Directions: What must be handed in is the entire listing, exactly as written, with no pictures.

Dataset extract:

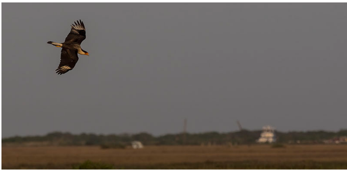
Crested Caracara over the coastal prairie.
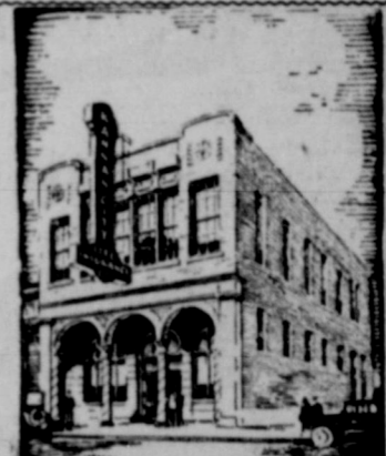
The G. S. Cummings Agency Building, Dallas
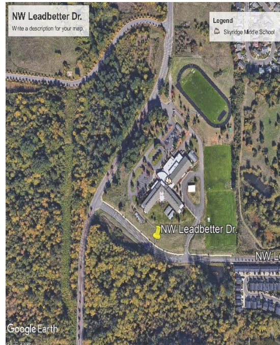
Figure 2: NW Leadbetter Drive Road Improvement

Exercise output:
Crested Caracara over the coastal prairie.
The G. S. Cummings Agency Building, Dallas
Figure 2: NW Leadbetter Drive Road Improvement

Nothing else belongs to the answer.